As Thailand modernises, I can see bureaucratic over-manning and inefficiency becoming more of an issue. The style of the bureaucracy, depite good data processing looks to be half a century out of date. As an example, The Immigration Department can pull up a print-out of all my entrances and exits over the past few years, which is impressive. Yet when I go to their lair in Suan Plu to apply for an extension of my visa, everything is kept in vast paper files and they seem to keep as many photocopies as possible. The place must be groaning, but it's all stashed away and added to the paper mountain.
The best thing for Thailand would be if some tough politician decided to cut the civil service by half... and it'd still be overmanned. He'd probably get gunned down for his audacity too as Thailand is substantially run by the big bureaucracies which are very powerful and no doubt look after their own. When there are constant changes of government through crisis and military coup, what remains in place but the bureaucrats who always retain a firm grip at the epicentre of power.
Yes, you can certainly admire a bureaucrat who runs a tight ship but when he gives you the run around because he says your papers aren't in order, you can't always bring yourself to love him that much!
When Your Number's Up
This is a rice barn in Si Saket province in Thailand. There's usually at least one rice barn standing beside each house in rice growing areas and the size and number of them indicate your standing and wealth.
Poor farmers sell off their rice crop as soon as possible so they can pay back the money they borrowed to pay for ploughing and fertiliser and harvesting and for all the other costs that have to be paid up front. A richer man stores as much rice as possible both for family use and because during the year the price of rice will slowly rise and make him even richer.
The rice is generally stored in big hessian sacks in its unmilled state as the brown rice with its husks is less open to attack from pests. Even so, it amazes me that the rice barns are not overrun with rats.
The door of the barn is closed with horizontal slats, just like the cabin hatch on an old style wooden sailing yacht. I well remember that with those, you had to get them in the right order or they just wouldn't run and it's the same with a rice barn.

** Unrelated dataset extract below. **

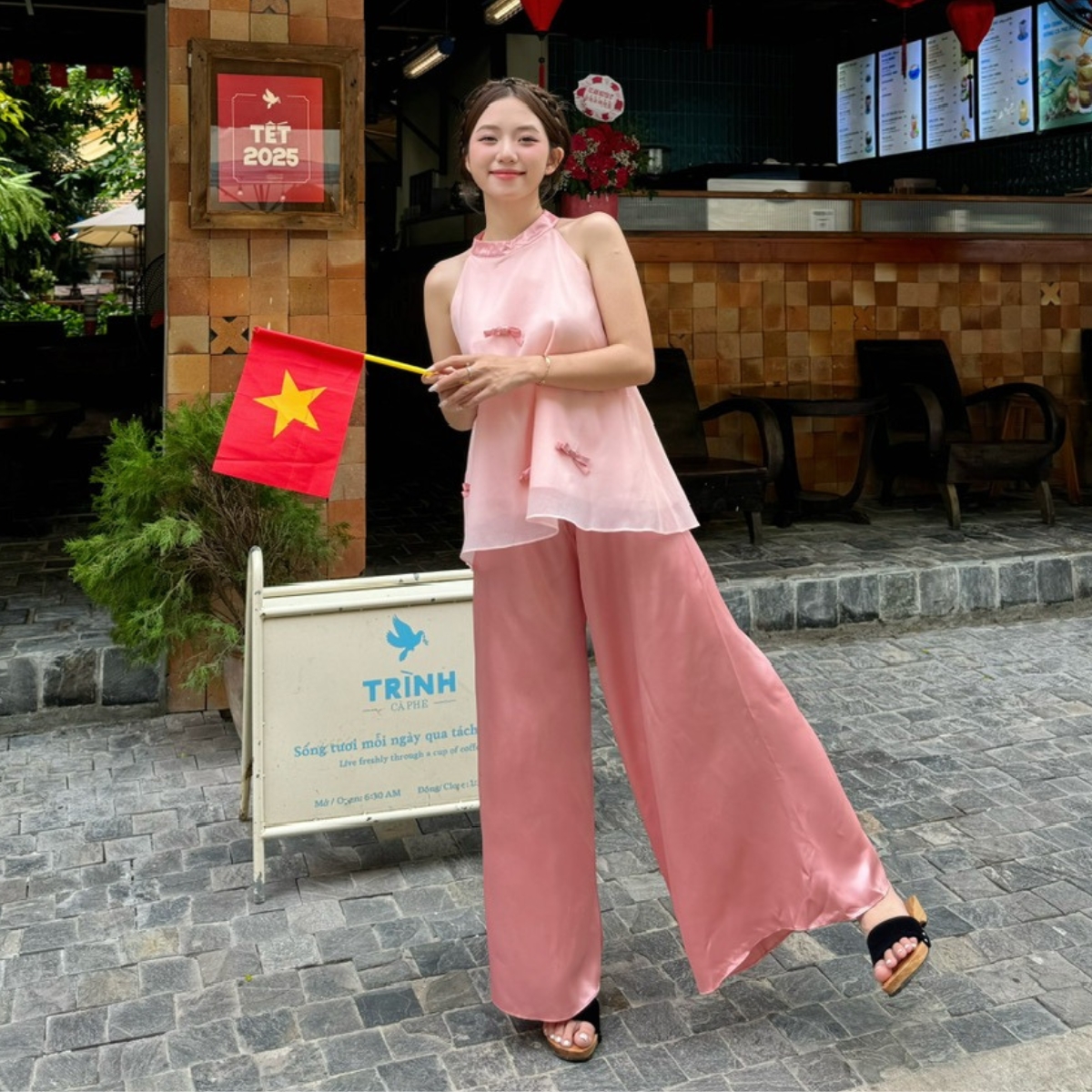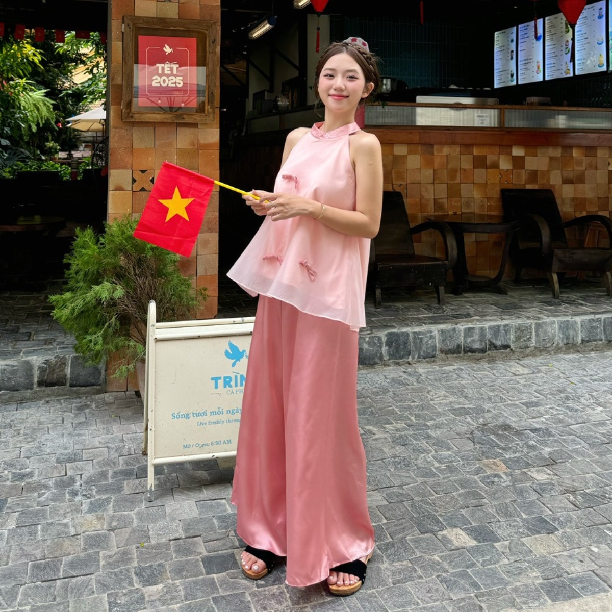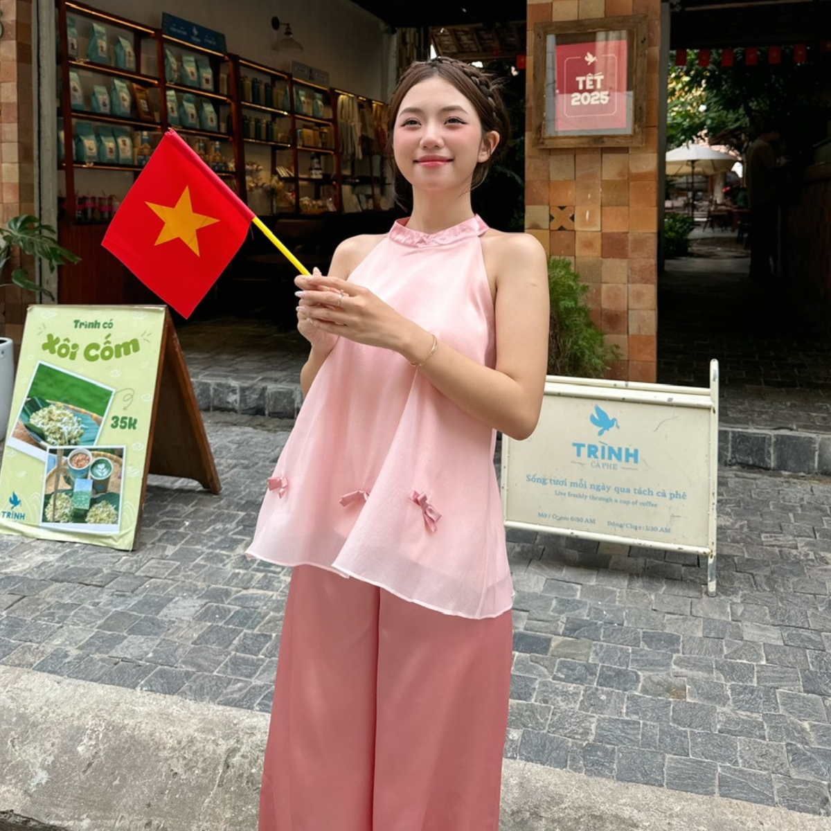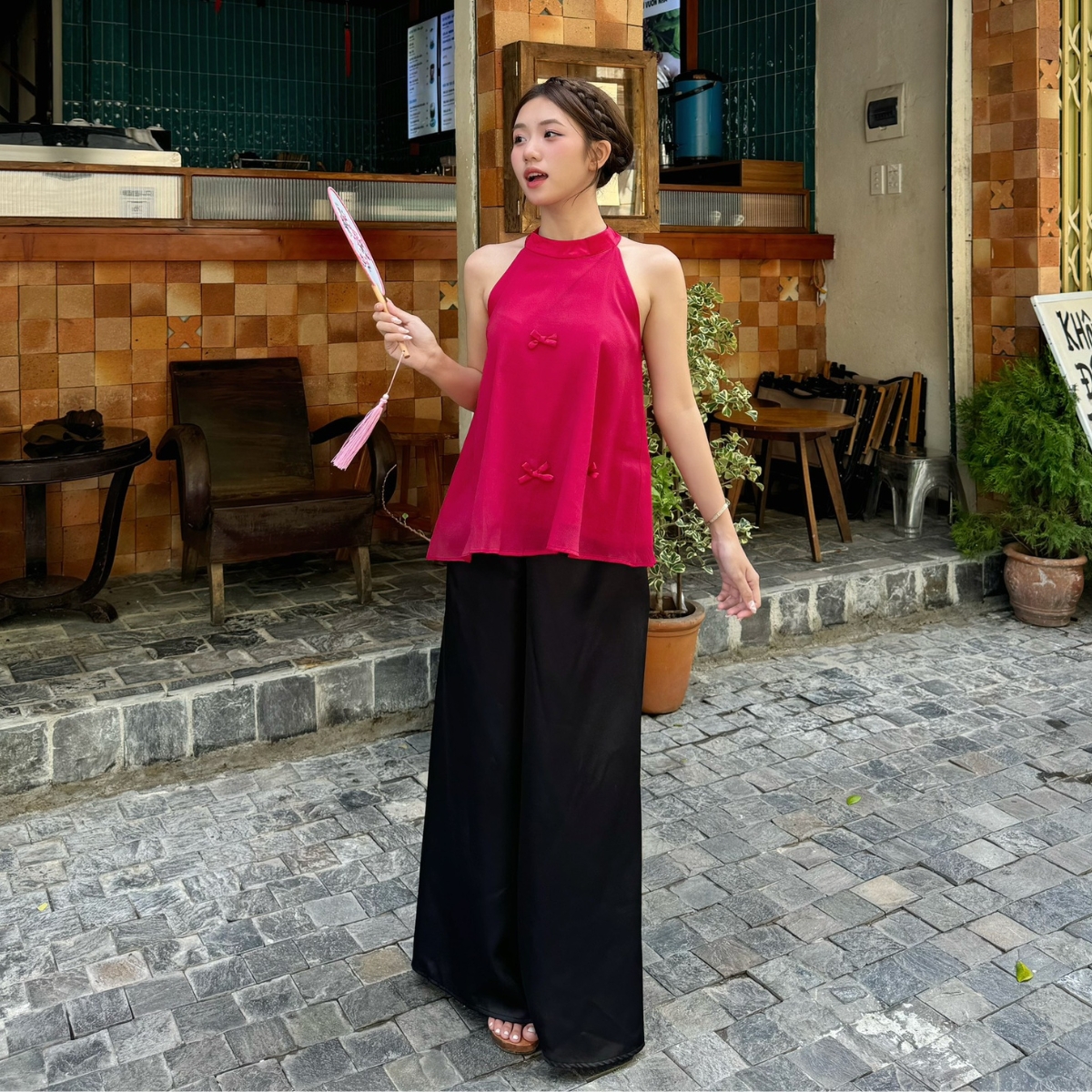✿ Sản phẩm : Yếm cách tân nữ chất liệu 2 lớp tơ lụa thiết kế dáng suông phối nơ trẻ trung An Nhiên Miều Est.2013

The door slats for the rice barn are invariably numbered, though it's not a numbering system that a westerner would recognise. Just as the Thais have their own script for writing, so also they have their own numbers. Thus the kiddies at school have the double hurdle of having to learn two systems of writing and number.
It's a huge burden and hardly efficient, though it's very Thai and for the wide-eyed foreigner it's another exotic thing for us to wonder at. In my novel, "Thai Girl", the chapters have Thai numbers and, as on the rice barn, don't they look pretty!